• **Work to be completed**
Could you repeat the records below exactly, leaving the pictures out?

• **Dataset content**
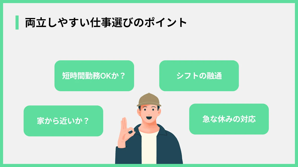 仕事を探す際には、「子育て中のスタッフが活躍中」「急なお休みにも対応します」といった記載があるかどうかもチェックしてみましょう。面接で、家庭との両立について相談してみるのも良い方法です。
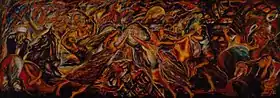 بينما يركز الجانب الأيسر على الشكل الذي يبدو كشيخ دُرزي خارج من صورة طائرة وهو يدعو يائساً.[10] ويحيط به على اليسار حصان صاخب في حين ترقد أمامه عذراء قُتلت وغُطيت بعلم لبنان أما خلفه فتبرز قبضات مظلمة في هيئة مخالب زاحفة. وفوقه، يغطي طائر مُجنح نصف شمس مخفية وهو يحلق فوق أكناف الأشجار مُطلقاً لهيباً يحيط بأطفال رُضْع يطوفون حول قوس من أذرع عريضة تندفع من هيئة متضرعة أسفلهم.[11]
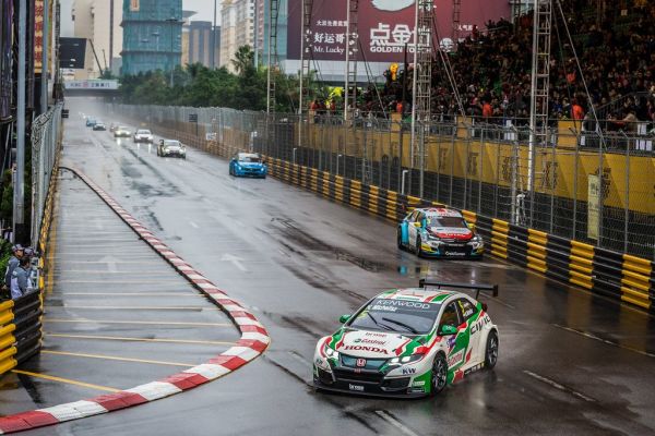 Eső köszöntötte a csapatokat Makaóban, ami egyben volt jó és rossz hír a világbajnoki címért harcoló magyar pilótának. Egyrészt a Honda korábban erős teljesítményre volt képes a szezonban vizes aszfalton, másrészt a normál körülmények között is balesetveszélyes makaói pályán a biztonsági autó mögül rajtolt el a mezőny, amivel elszállt Michelisz talán legjobb esélye a pole pozícióból induló Rob Huff megelőzésére a szűk utcai körön.
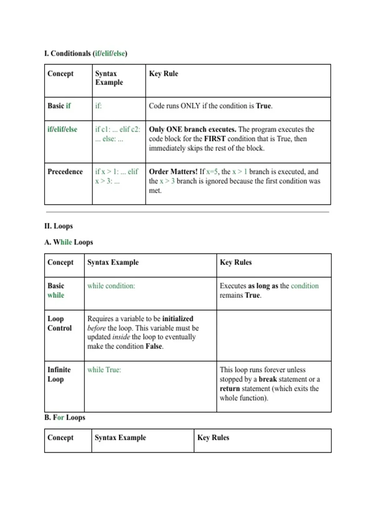 I. Conditionals (if/elif/else)
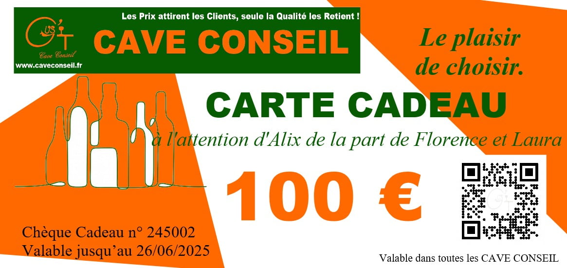 Carte Cadeau CAVE CONSEIL, valable 1 an dans nos 9 CAVE CONSEIL
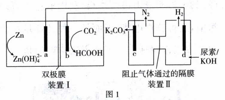 14.(1)(2023·重庆九龙坡高三二模)某实验小组用$Zn - CO_{2}$水介质电池电解含有尿素的碱性废水,装置如图1(电极a为$Zn$,b、c、d均为惰性电极)。
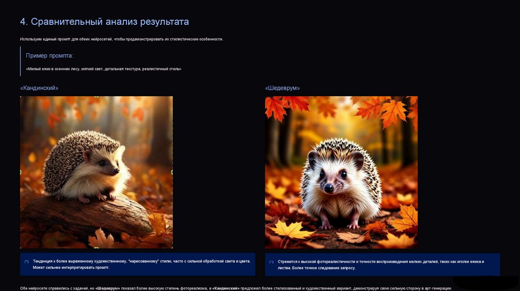 Обе нейросети справились с задачей, но «Шедеврум» показал более высокую степень фотореализма, а «Кандинский» предложил более стилизованный и художественный вариант, демонстрируя свою сильную сторону в арт-генерации.
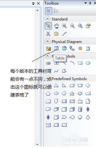 现在模型已经建立好了,让我们来开始建表吧。首先在右侧工具栏中选择建表工具。其中在“Physical Diagram”中选择有表格的这个,也就是下图标记的这个,把鼠标放上去显示Table就可以了。点击以后在中间的地方选择放置的位置。
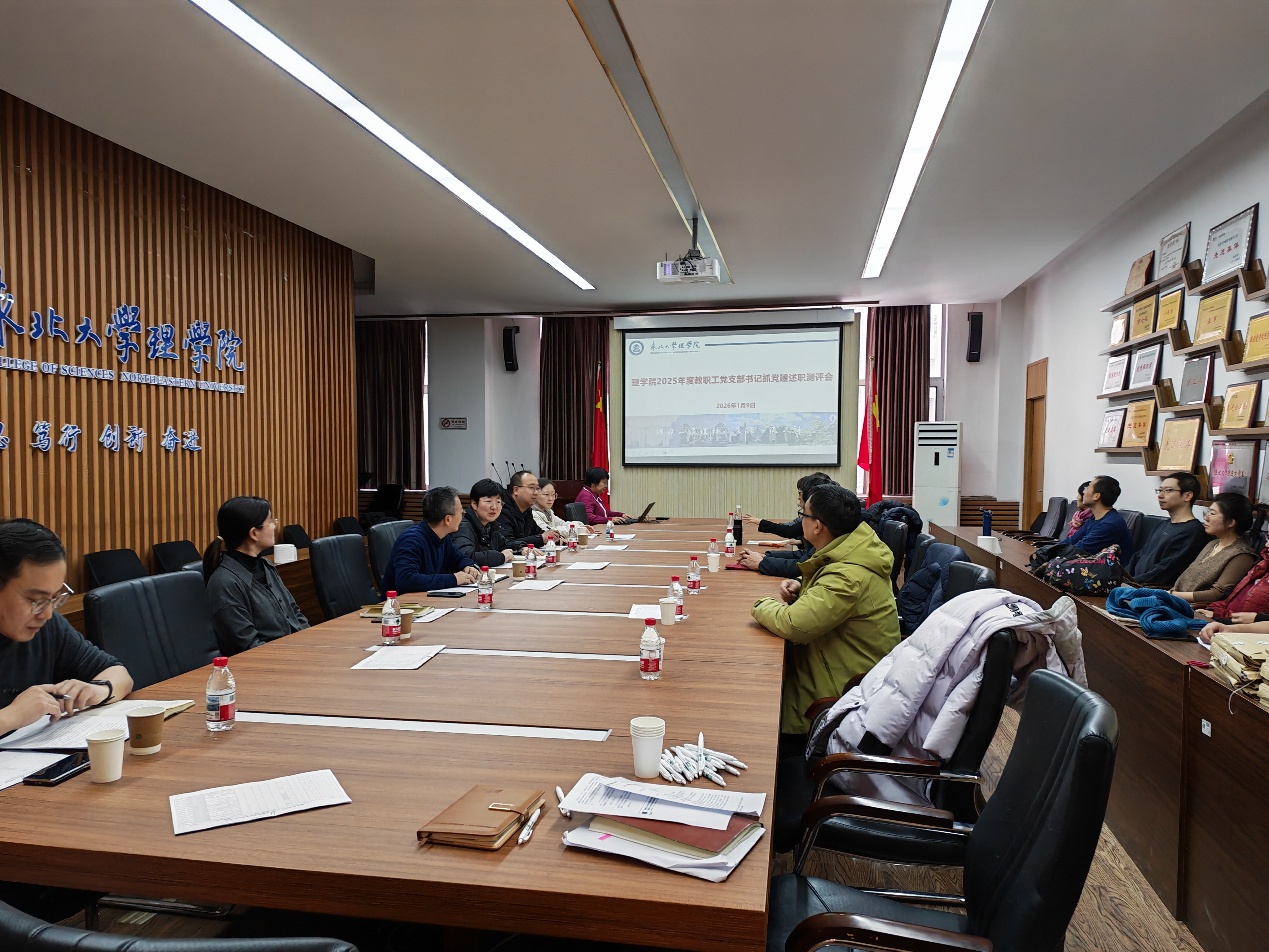 2026年1月9日理学院党委在建筑馆211A会议室开展教职工党支部书记述职测评会,学院党委委员、教职工党支部书记及支委参加会议,党委书记李晓璐主持会议。
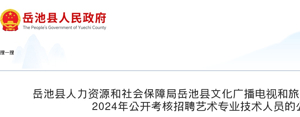 声明:专注 岳池县人力资源和社会保障局岳池县文化广播电视和旅游局关于岳池县2024年公开考核招聘艺术专业技术人员的公告 相关岗位分析;专业指导面试技巧;保障就业成功概率。
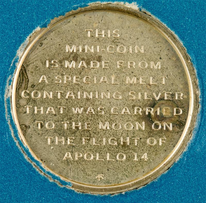 Dated August 28, 1971. “The Limited Edition Mini-Coin… was made from a special melt of silver into which was placed 10,000 grains of silver that was carried aboard Apollo 14 on its voyage around the moon.” Presented to members of The Franklin Mint Collectors Society, with accompanying certificate of authenticity. 12 mm.
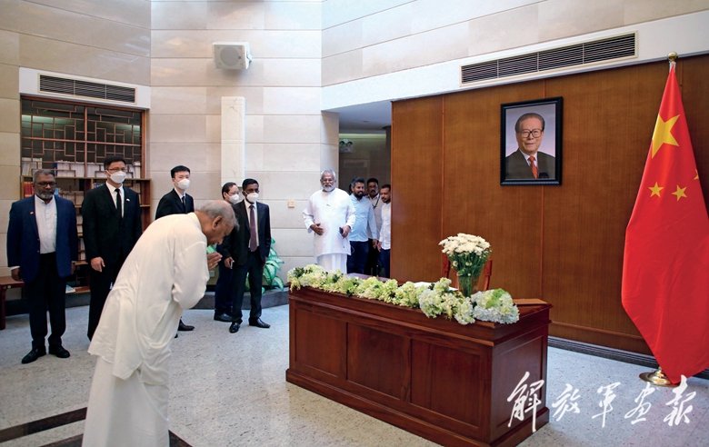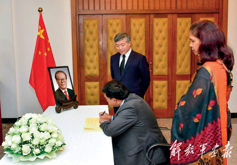 12月2日,斯里兰卡总统维克拉马辛哈在中国驻斯里兰卡大使馆吊唁江泽民同志。(摄影/萨米拉)
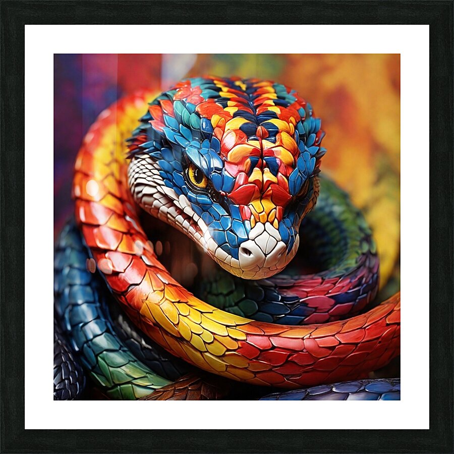 This captivating artwork presents a mesmerizing close-up of a snake, transformed into an explosion of chromatic brilliance. The creature, centrally composed within a stark black frame, is depicted in a coiled posture, its body a symphony of intricate scales rendered in a kaleidoscope of hues. Each scale is a tiny facet, reflecting and refracting light, painted with astonishing detail in vivid blues, fiery reds, sunlit yellows, lush greens, deep purples, and oranges. This riot of color is not confined to distinct patterns but flows and blends across its serpentine form, creating an almost mosaic-like appearance that challenges conventional biological representation. The audacious use of color transforms an animal often associated with fear or danger into an object of pure aesthetic delight, embodying a fierce beauty that is both arresting and profoundly inspiring.
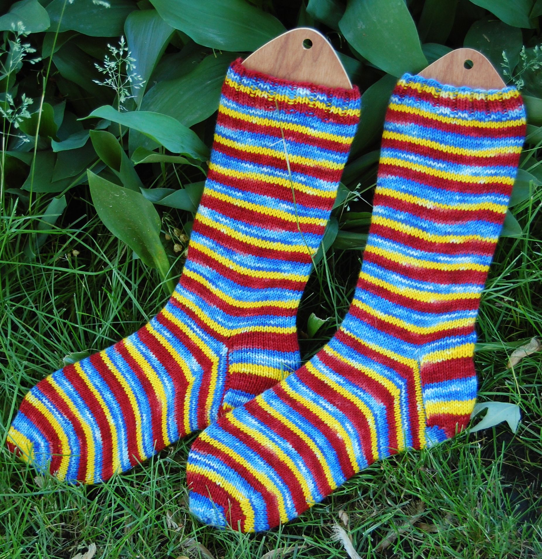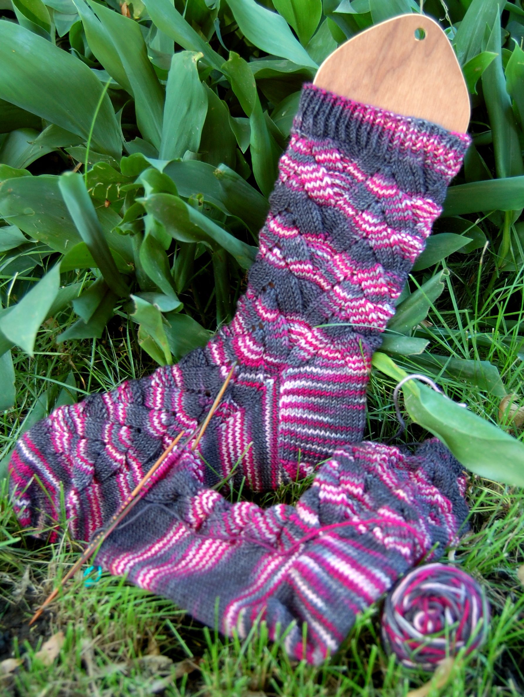 Yes, these are my first Monkeys. Knitted mostly on the way to and back from Columbus, Ohio for a conference. Done in Socks that Rock lightweight, unknown colorway (mill-ends grab-bag).
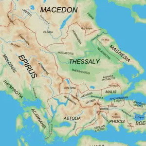 ![]() ![]() Mapa da região norte da Grécia na época da Guerra Etólia | |||

• **Solution for this problem**
 仕事を探す際には、「子育て中のスタッフが活躍中」「急なお休みにも対応します」といった記載があるかどうかもチェックしてみましょう。面接で、家庭との両立について相談してみるのも良い方法です。
 بينما يركز الجانب الأيسر على الشكل الذي يبدو كشيخ دُرزي خارج من صورة طائرة وهو يدعو يائساً.[10] ويحيط به على اليسار حصان صاخب في حين ترقد أمامه عذراء قُتلت وغُطيت بعلم لبنان أما خلفه فتبرز قبضات مظلمة في هيئة مخالب زاحفة. وفوقه، يغطي طائر مُجنح نصف شمس مخفية وهو يحلق فوق أكناف الأشجار مُطلقاً لهيباً يحيط بأطفال رُضْع يطوفون حول قوس من أذرع عريضة تندفع من هيئة متضرعة أسفلهم.[11]
 Eső köszöntötte a csapatokat Makaóban, ami egyben volt jó és rossz hír a világbajnoki címért harcoló magyar pilótának. Egyrészt a Honda korábban erős teljesítményre volt képes a szezonban vizes aszfalton, másrészt a normál körülmények között is balesetveszélyes makaói pályán a biztonsági autó mögül rajtolt el a mezőny, amivel elszállt Michelisz talán legjobb esélye a pole pozícióból induló Rob Huff megelőzésére a szűk utcai körön.
 I. Conditionals (if/elif/else)
 Carte Cadeau CAVE CONSEIL, valable 1 an dans nos 9 CAVE CONSEIL
 14.(1)(2023·重庆九龙坡高三二模)某实验小组用$Zn - CO_{2}$水介质电池电解含有尿素的碱性废水,装置如图1(电极a为$Zn$,b、c、d均为惰性电极)。
 Обе нейросети справились с задачей, но «Шедеврум» показал более высокую степень фотореализма, а «Кандинский» предложил более стилизованный и художественный вариант, демонстрируя свою сильную сторону в арт-генерации.
 现在模型已经建立好了,让我们来开始建表吧。首先在右侧工具栏中选择建表工具。其中在“Physical Diagram”中选择有表格的这个,也就是下图标记的这个,把鼠标放上去显示Table就可以了。点击以后在中间的地方选择放置的位置。
 2026年1月9日理学院党委在建筑馆211A会议室开展教职工党支部书记述职测评会,学院党委委员、教职工党支部书记及支委参加会议,党委书记李晓璐主持会议。
 声明:专注 岳池县人力资源和社会保障局岳池县文化广播电视和旅游局关于岳池县2024年公开考核招聘艺术专业技术人员的公告 相关岗位分析;专业指导面试技巧;保障就业成功概率。
 Dated August 28, 1971. “The Limited Edition Mini-Coin… was made from a special melt of silver into which was placed 10,000 grains of silver that was carried aboard Apollo 14 on its voyage around the moon.” Presented to members of The Franklin Mint Collectors Society, with accompanying certificate of authenticity. 12 mm.
 12月2日,斯里兰卡总统维克拉马辛哈在中国驻斯里兰卡大使馆吊唁江泽民同志。(摄影/萨米拉)
 This captivating artwork presents a mesmerizing close-up of a snake, transformed into an explosion of chromatic brilliance. The creature, centrally composed within a stark black frame, is depicted in a coiled posture, its body a symphony of intricate scales rendered in a kaleidoscope of hues. Each scale is a tiny facet, reflecting and refracting light, painted with astonishing detail in vivid blues, fiery reds, sunlit yellows, lush greens, deep purples, and oranges. This riot of color is not confined to distinct patterns but flows and blends across its serpentine form, creating an almost mosaic-like appearance that challenges conventional biological representation. The audacious use of color transforms an animal often associated with fear or danger into an object of pure aesthetic delight, embodying a fierce beauty that is both arresting and profoundly inspiring.
 Yes, these are my first Monkeys. Knitted mostly on the way to and back from Columbus, Ohio for a conference. Done in Socks that Rock lightweight, unknown colorway (mill-ends grab-bag).
 ![]() ![]() Mapa da região norte da Grécia na época da Guerra Etólia | |||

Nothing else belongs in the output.